One program, called “Implementation Planning Grants for Educational, Behavioral, or Social Studies for Translation of Genetic Factors in Common Diseases,” will support research on initiatives studying how healthcare providers and consumers interpret information from genetic studies, as well as the behavioral or psychosocial aspects of clinical application of genetic findings.
Funded through the National Institutes of Diabetes and Digestive and Kidney Diseases, this program will spend up $4.8 million in fiscal 2009 and the same amount in fiscal 2010 to fund between four and eight awards with up to $250,000 in direct costs per year, plus facilities and administrative costs.
NIDDK plans to fund studies on patient or provider education about genetic findings or clinical outcomes of genetic testing; research on patient or provider perceptions of risk factors that may have specific interactions with gene variants; and assessments of responses to the way personal genetic information is used in clinical care and in disease prevention.
The goal is to evaluate how individuals, families, and communities react and respond to newly disseminated data about genetic variants linked to common diseases.
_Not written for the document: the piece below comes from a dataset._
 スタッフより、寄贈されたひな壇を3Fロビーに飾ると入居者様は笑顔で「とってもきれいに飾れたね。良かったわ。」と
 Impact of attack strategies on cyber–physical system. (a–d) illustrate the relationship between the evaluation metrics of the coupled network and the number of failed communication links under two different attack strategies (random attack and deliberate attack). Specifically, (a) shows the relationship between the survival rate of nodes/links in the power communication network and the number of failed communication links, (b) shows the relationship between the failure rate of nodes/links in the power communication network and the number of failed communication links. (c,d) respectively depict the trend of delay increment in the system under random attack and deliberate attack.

NIDDK also wants to support the planning, evaluation, and assessments of both education and communication programs about information from genome-wide association studies.
The projects could include research for developing and evaluating analytical methods to assess responses to clinical applications of genome-wide association data, planning and creating educational tools for healthcare professionals, and developing communication strategies for educating health care workers and patients.
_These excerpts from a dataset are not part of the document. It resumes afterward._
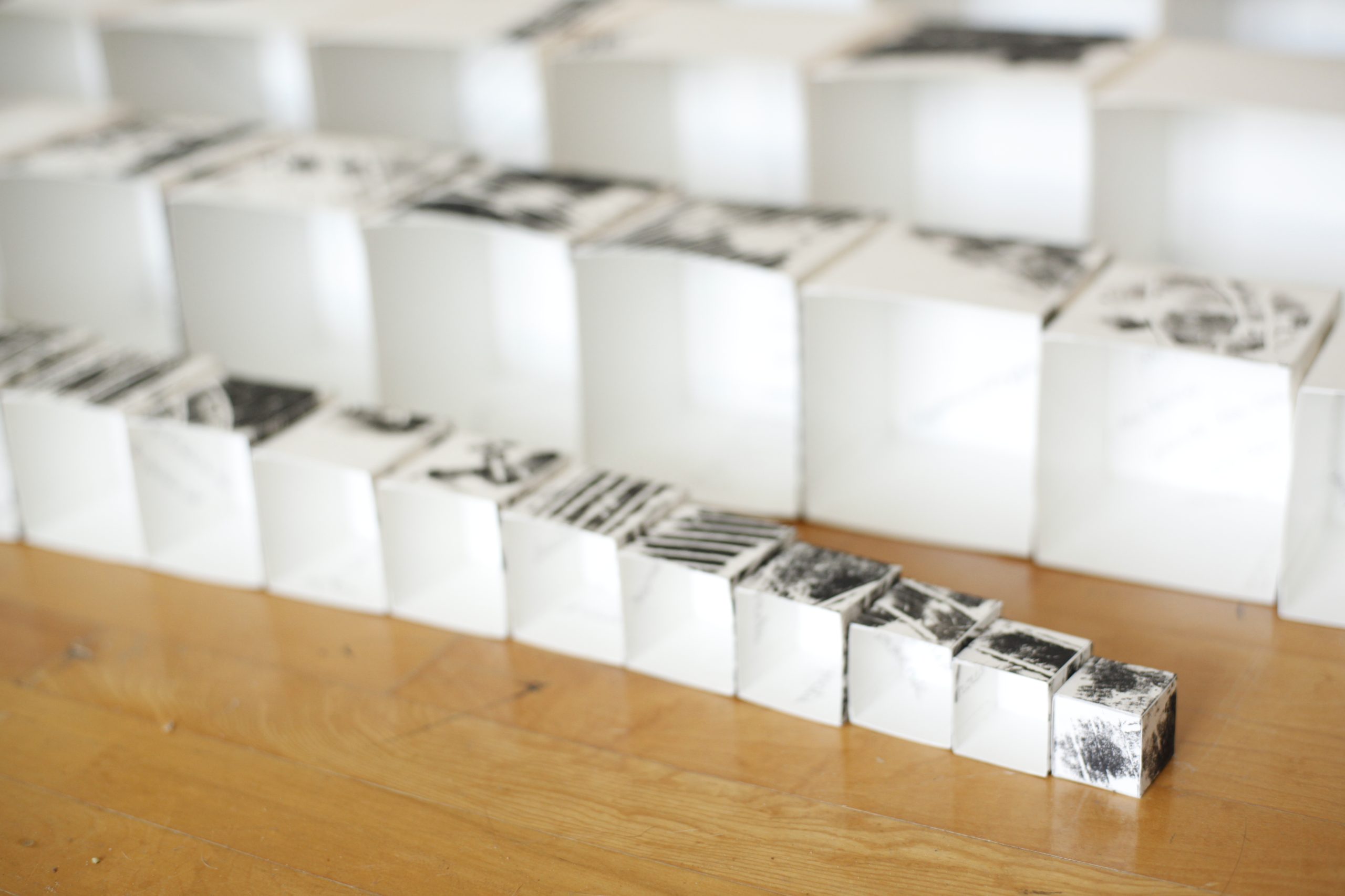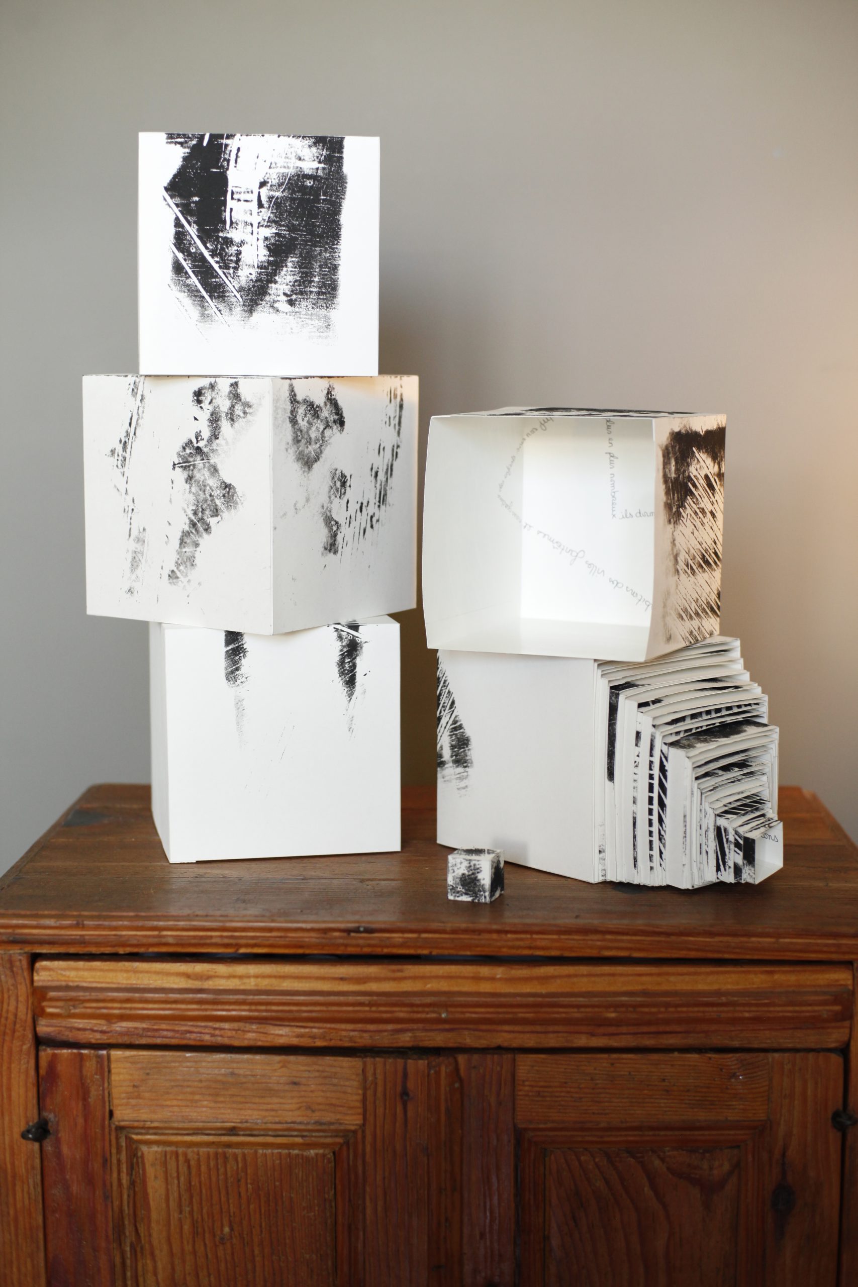 Chaque cube a été individualisé à l’encre noire par xylogravure. Ce procédé a permis d’apposer sur chaque module une image évoquant l’un des quatre éléments (l’eau, la terre, le feu et l’air) et ses forces transformatrices.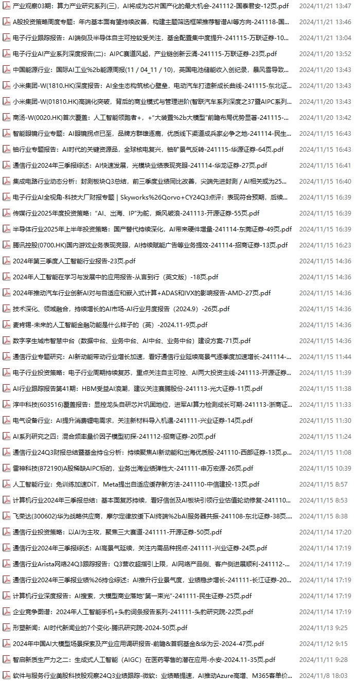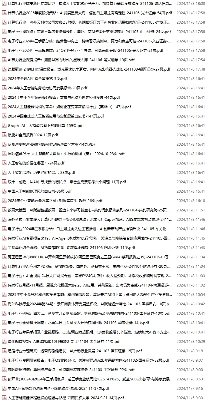 AI、人工智能资料包,月度新增171份(2024.11.2-2024.11.30):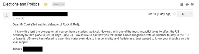 I know this isn’t the average email you get from a student, political. However, with one of the most impactful votes to effect [sic] the US economy to take place in just 11 days, June 23, I would like to ask how you felt on the United Kingdom’s vote on whether to stay in the EU or leave it. US news has refused to cover this major event due to irresponsibility and foolishness. Just wanted to know your thoughts on this vital subject.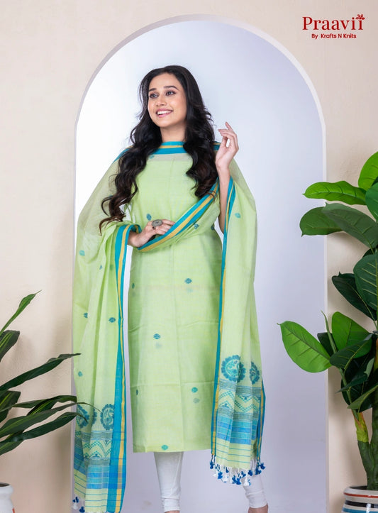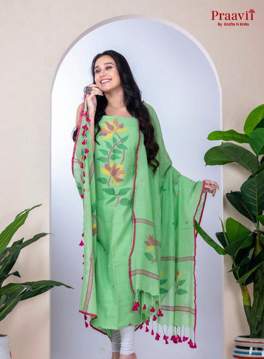 Lime Green Cotton Jamdani Unstitched Suit Set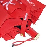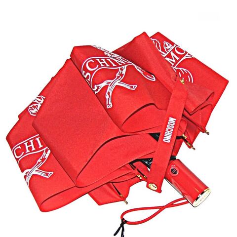 Яркий зонтик (полный автомат) от Moschino в магазине Зонтофф. Насыщенный алый цвет купола с Laurel Logo как символ совершенства от Moschino.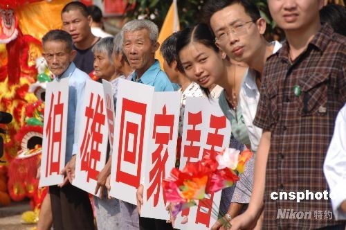 圖為鄉(xiāng)親打出“伯雄常回家看看”的橫幅。中新社發(fā) 鄭祚聲 攝

Letters of intent for this program are due October 24.
Another RFA, called “Translation of Common Disease Genetics into Clinical Applications,” also will offer up to $4.8 million per year over two years to fund between four and eight awards.
These studies should focus on prevention, therapeutic interventions, and development of diagnostic, predictive, clinical trial, and epidemiologic tools based on findings from genetic studies of common diseases.
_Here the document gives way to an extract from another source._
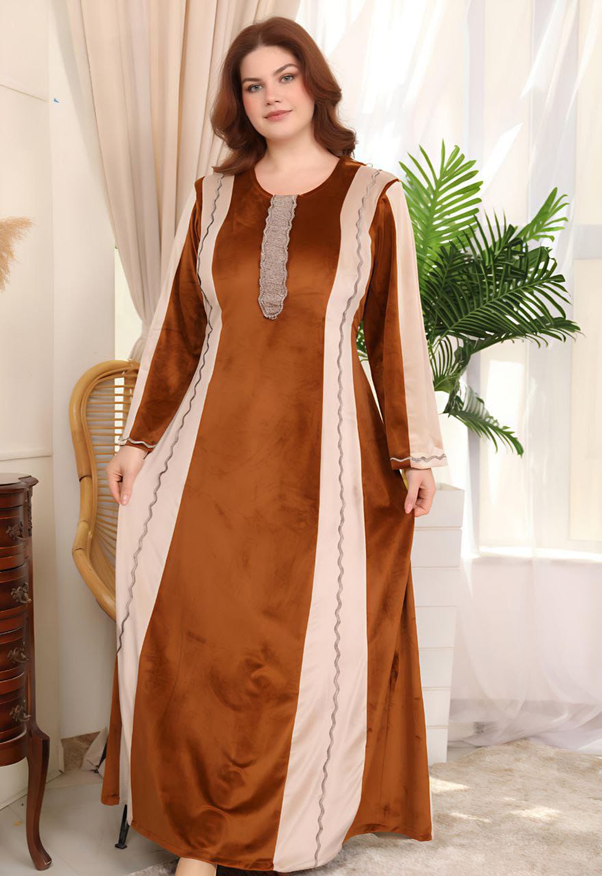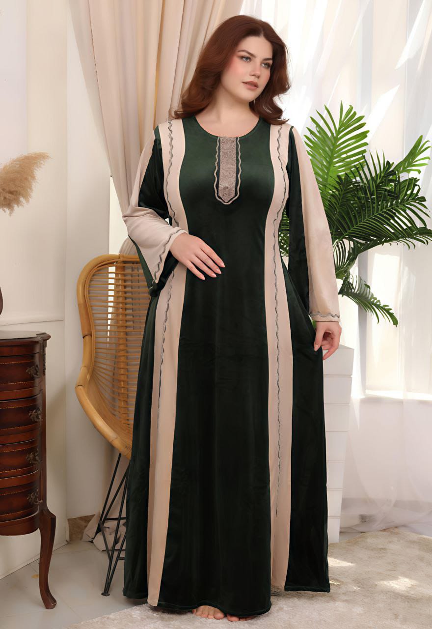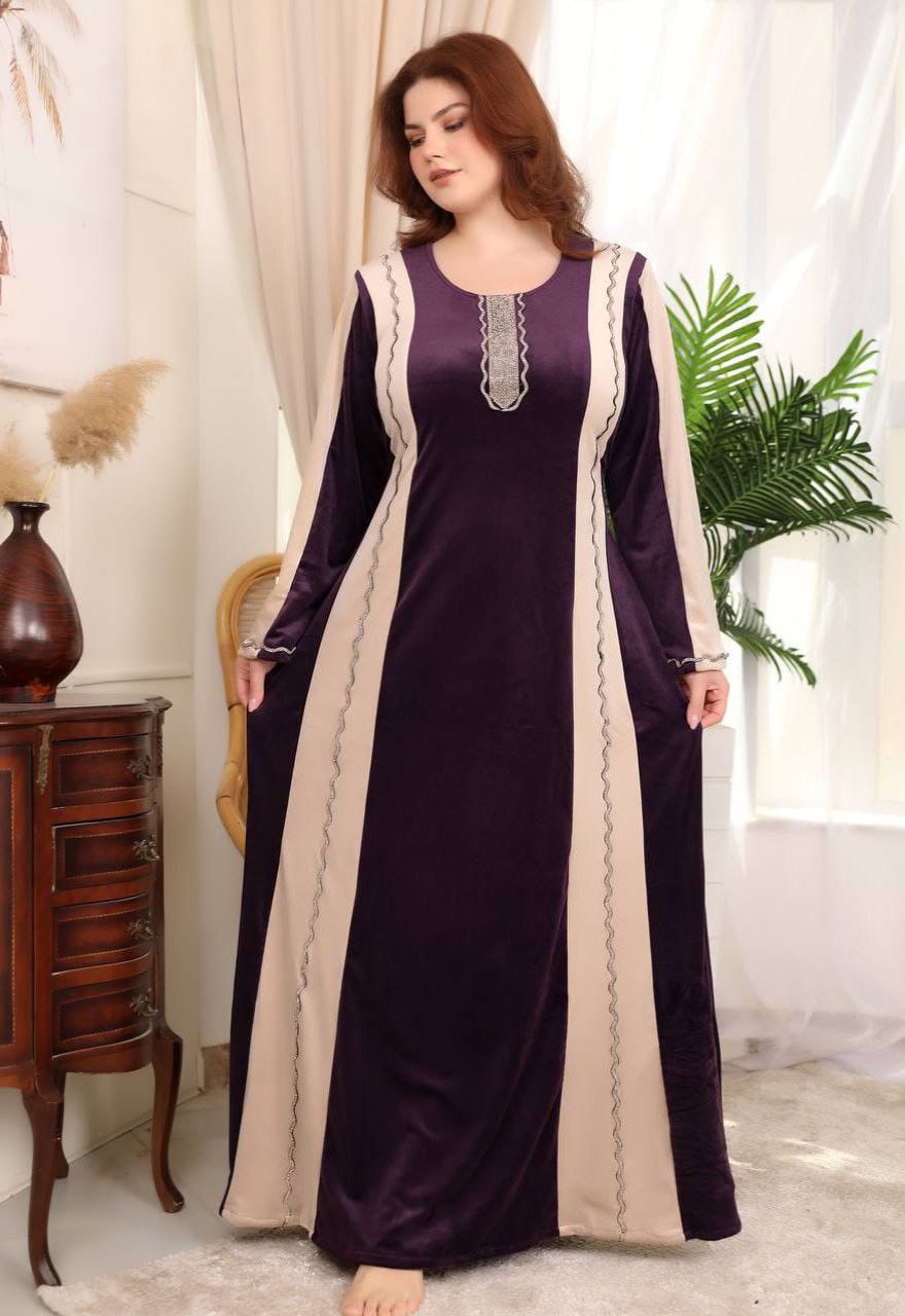 جلابية/عباية من القطيفة الثقيلة والدافئة. تتميز بـ تطريز خفيف وراقي، مع أحزمة جانبية متطابقة تمنح العباية قصة نحيفة ومميزة.

These programs could include clinical studies using information from genome-wide or genetic studies in common diseases, diagnostics development or assessment, the cost-effectiveness of clinical applications of genetic information, and others. NIH prefers that these programs stick to using genes or variants identified through GWA studies, although any relevant allele may be proposed. Studies that address conditions that affect minorities disproportionately are also encouraged by NIH.
According to the RFA, it will “support very limited genotyping and collection of relevant phenotypic data, provided that these form a small part of an integrated translation project.”
Researchers applying for the funds could aim to develop diagnostic tools or algorithms; protocols or pilot data for future studies; training materials for future clinical studies using genetic variants; pilot clinical studies to translate genetic studies into clinical practice; studies to assess the value added by genetic findings in interventions compared to more traditional risk factors, and other related studies.
Letters of intent for this request also are due by October 24.